Car c’est bien aux ados que Iron Fist s’adresse. Si cette observation n’explique pas les nombreuses faiblesses de la série, elle excuse son côté immature dans la psychologie des personnages, son esthétique très teen sitcom et son aspect assez fourre-tout où des séquences de combat d’UFC côtoient de grands préceptes boudhistes sur la vie. Iron Fist est donc la pierre teen ajoutée à l’édifice Defenders.
Iron Fist manque de consistance
Mais la vérité est qu’au-delà des références et du public visé Iron Fist manque cruellement d’épaisseur et d’ambition. Alors que la plupart des séries contemporaines de Netflix brille par leur enjeux de mise en scène, la réalisation d’Iron Fist est vraiment située un cran en-dessous. Si les premiers épisodes nous font croire à une tonalité ingénue, vive et légère, l’ensemble finit par devenir terne, simpliste et manque cruellement de partis pris. La candeur rafraîchissante se mue vite en une forme de vacuité qu’un scénario à la fois foutraque et prévisible ne parvient pas à relever. Pour ce qui est du jeu des acteurs, Finn Jones, que nous avions déjà vu sous les traits de Loras Tyrell dans Game of Thrones, s’en sort heureusement assez bien dans son rôle d’Iron Fist, tout comme Jessica Henwick dans le rôle de Colleen Wing. Mais à part ça, c’est le désert, le pire étant Tom Pelphrey dont le jeu monocorde et la raideur corporelle surjouée tournent parfois au ridicule. Quant aux scènes de combat, la louable volonté de Netflix d’utiliser le moins d’effets numériques possible afin de redonner au genre son charme artisanal et une esthétique presque réaliste ne fonctionne pas ici.

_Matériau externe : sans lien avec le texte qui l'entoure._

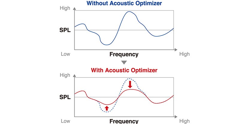 De luidsprekers die aan de behuizing zijn bevestigd, leggen een bijzonder fenomeen aan de dag: als er niets wordt gedaan neemt het volume van het geluid toe ten gevolge van de resonantiefrequentie van het materiaal. Het installeren van Acoustic Optimizers met dezelfde resonantiefrequentie in de kast van de piano, onderdrukt deze resonantie. Deze verbetering van het geluid is iets dat alleen mogelijk is dankzij de diepgaande kennis van Yamaha van de interne akoestische eigenschappen van muziekinstrumenten.
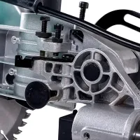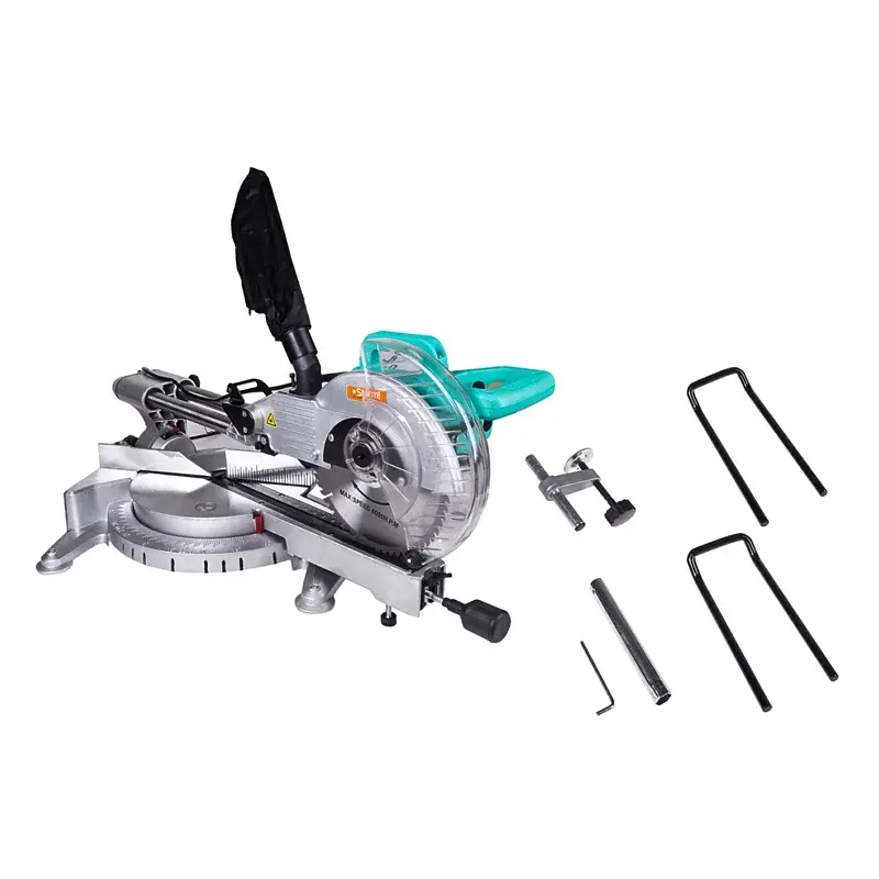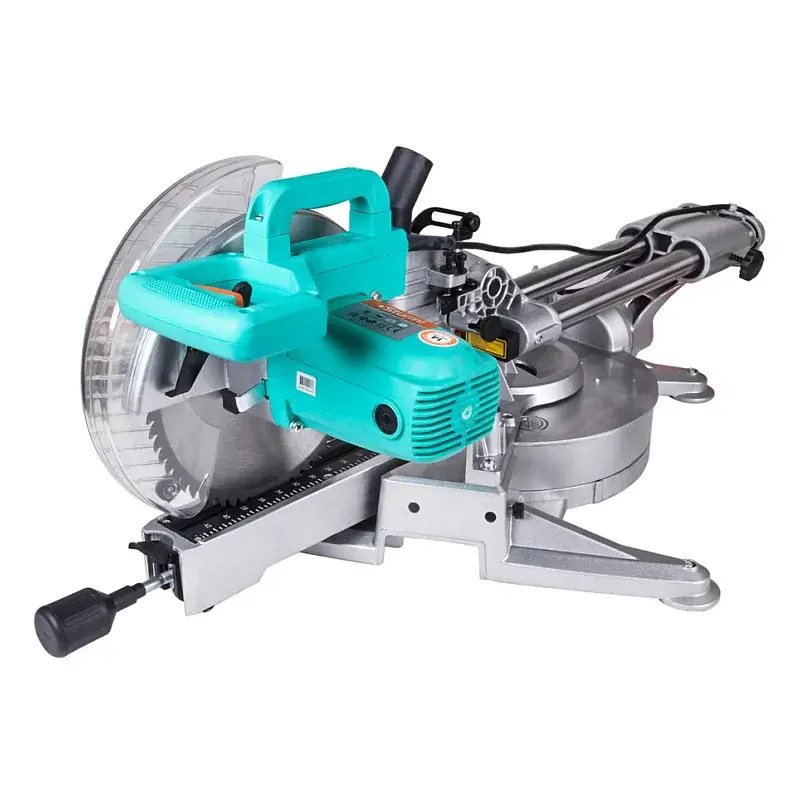 • Инструмент оснащен увеличенным пильным диском, встроенным протяжным механизмом, винтовым зажимом для прочной фиксации заготовок и предотвращающие их опрокидывание выдвижными боковыми суппортами. Благодаря большому поворотному столу, фиксирующемуся в любом положении, наличию удобной регулировки с прецизионными шкалами для точной настройки нужного наклона пилу можно уверенно выставить в рабочую позицию на предварительно заданные параметры косых пропилов.

Les combats sont lents et manquent de fluidité et d’inventivité.
Mais le plus gros souci d’Iron Fist se situe sans-doute dans l’écriture de son personnage central. Il est d’abord présenté comme un roots complètement détaché de toute matérialité, vivant dans une sorte de sobriété heureuse et connaissant par coeur des préceptes zen. Mais, quand il s’agit de récupérer 51% du capital de l’entreprise de son père, il clame tout haut « It’s my name. It’s mean something. » et engage des procédures pénales pour récupérer son bien avant de l’emporter et de laisser son sarouel au placard pour lui préférer le costume-cravate. Loin de s’emparer de cette contradiction, la série fait comme si elle n’existait pas et perd d’emblée une bonne partie de sa crédibilité et de sa tenue, qu’elle ne parviendra jamais à regagner tout au long des 13 épisodes.
Le principal problème d’Iron Fist réside dans la volatilité gênante de son super-héros dont la motivation n’est jamais claire. Il ne semble profondément habité par rien, même pas par le souvenir de la mort de ses parents. A l’instar de la série, il manque cruellement de consistance. L’idée d’une série de super-héros teen était séduisante sur le papier mais, à l’écran, il est évident que Iron Fist est bien en-dessous de ses trois collègues. Vous pouvez sans-peine lui tourner le dos (quitte à être à la merci du point de fer) et attendre de le revoir dans The Defenders.